SpaceX ditches landing legs on next Falcon 9 flight
BY STEPHEN CLARK
Posted: September 14, 2014
Updated Sept. 15 with SpaceX correction
SpaceX's next resupply mission to the International Space Station is set for takeoff as soon as Saturday after a rapid rebound from the company's last flight from Cape Canaveral, but the company does not plan to use the launch as another chance to practice rocket recovery procedures.
If ground crews pull it off, it will bust SpaceX's record turnaround time between Falcon 9 missions as the launch company ramps up its mission cadence to accomplish a jam-packed manifest.
Before now, the fastest turnaround between SpaceX launches was 22 days between a pair of commercial Falcon 9 flights from Cape Canaveral on July 14 and Aug. 5.
The Falcon 9 booster stage set to launch Saturday will not carry landing legs, according to Hannah Post, a SpaceX spokesperson.
Correcting an earlier statement, SpaceX said Monday it will still try to guide the first stage to a controlled soft splashdown in the Atlantic Ocean -- "with a low probability of success" -- but the company has no plans to retrieve it.
The rocket's first stage is programmed fly back to Earth after completing its work to boost the Dragon spacecraft off the launch pad, but engineers swapped out the Falcon 9 booster with a first stage originally assigned to another flight, officials said.
The reason for the changeout was not disclosed, but it means Saturday's flight will be without landing legs.
SpaceX fitted two Falcon 9 rockets earlier this year with landing legs.
During liftoff, the carbon fiber-aluminum honeycomb legs are left folded against the rocket's first stage. Once the booster finishes its main job in the launch sequence, the stage falls away and uses leftover propellant to re-ignite its engines for a controlled descent back to Earth. Moments before reaching the ground, the legs extend down and outward.
The launches with landing legs earlier this year were exercises, culminating with splashdown in the Atlantic Ocean a few hundred miles from Cape Canaveral.
SpaceX plans to eventually land its rocket stages on a barge or on shore, allowing engineers to refurbish the hardware for reuse. The next two launches after Saturday's mission will attempt landing the first stage on a solid surface, according to SpaceX.
The last two Falcon 9 missions carried large communications satellites to high-altitude orbits, leaving insufficient fuel for a full descent and landing of the rocket's first stage.

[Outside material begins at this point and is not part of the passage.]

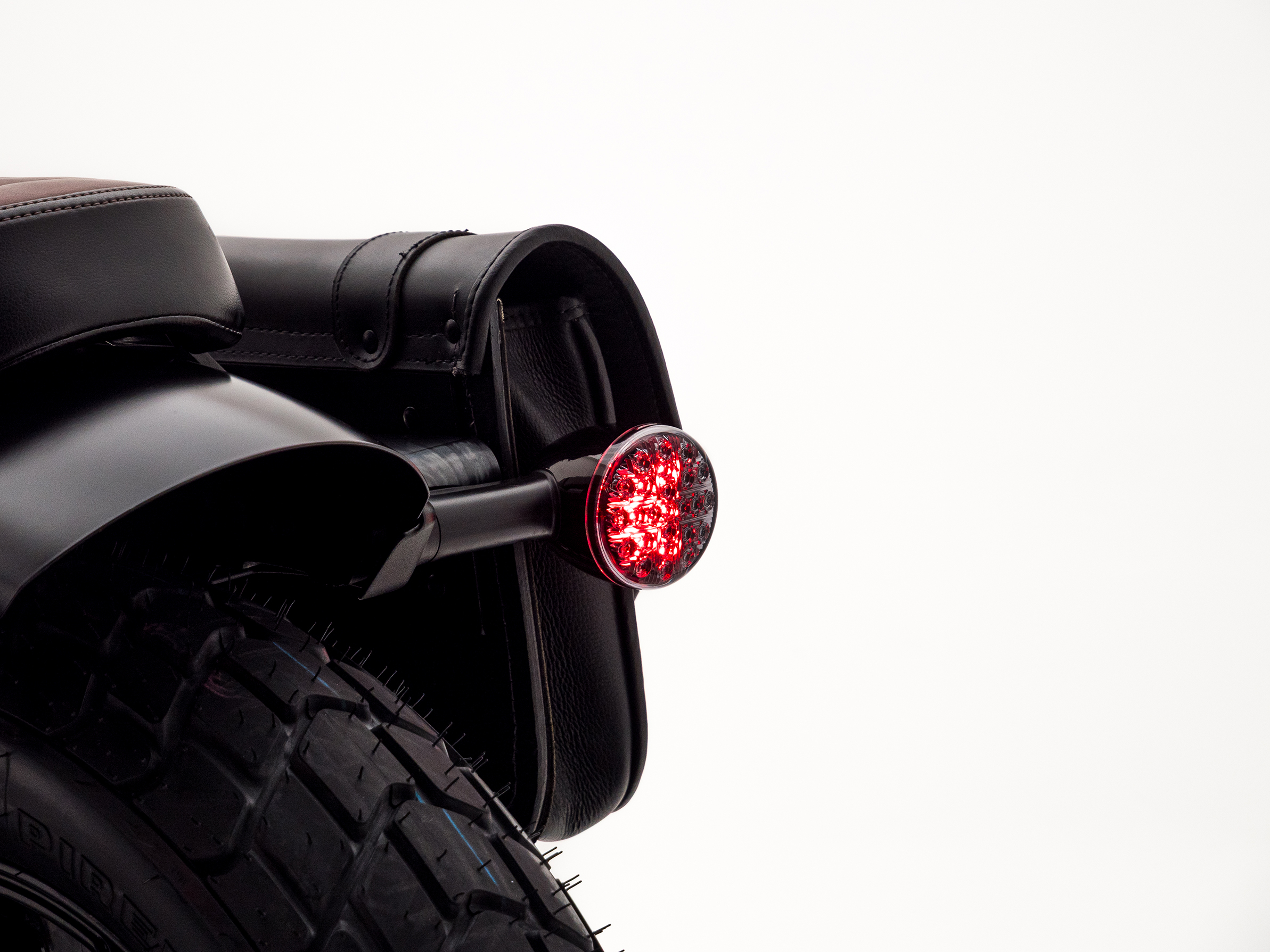 - Suspensão traseira: Dois amortecedores (dual shocks), curso de 2,0 in (50 mm) — altura reduzida 1 in em relação à Scout padrão

Following the static engine firing, launch crews will rotate the rocket back horizontal to install time-sensitive cargo into the Dragon spacecraft's pressurized cabin. The rest of the ship's cargo load is already packed inside.
The supplies to be loaded into the unmanned capsule on the eve of launch include 20 mice serving as experimental specimens for scientists studying muscle atrophy.
More than 5,000 pounds of supplies, experiments, provisions and other gear is manifested to fly to the space station on the Sept. 20 launch. The payloads include an Earth observation package for mounting on a platform outside the space station to measure ocean winds. Scientists say the data will improve weather prediction, including hurricane forecasts.
If liftoff occurs Saturday, the Dragon spacecraft is due to arrive at the space station Monday. The laser-guided rendezvous will conclude with grapple of the capsule by the space station's Canadian-built robotic arm.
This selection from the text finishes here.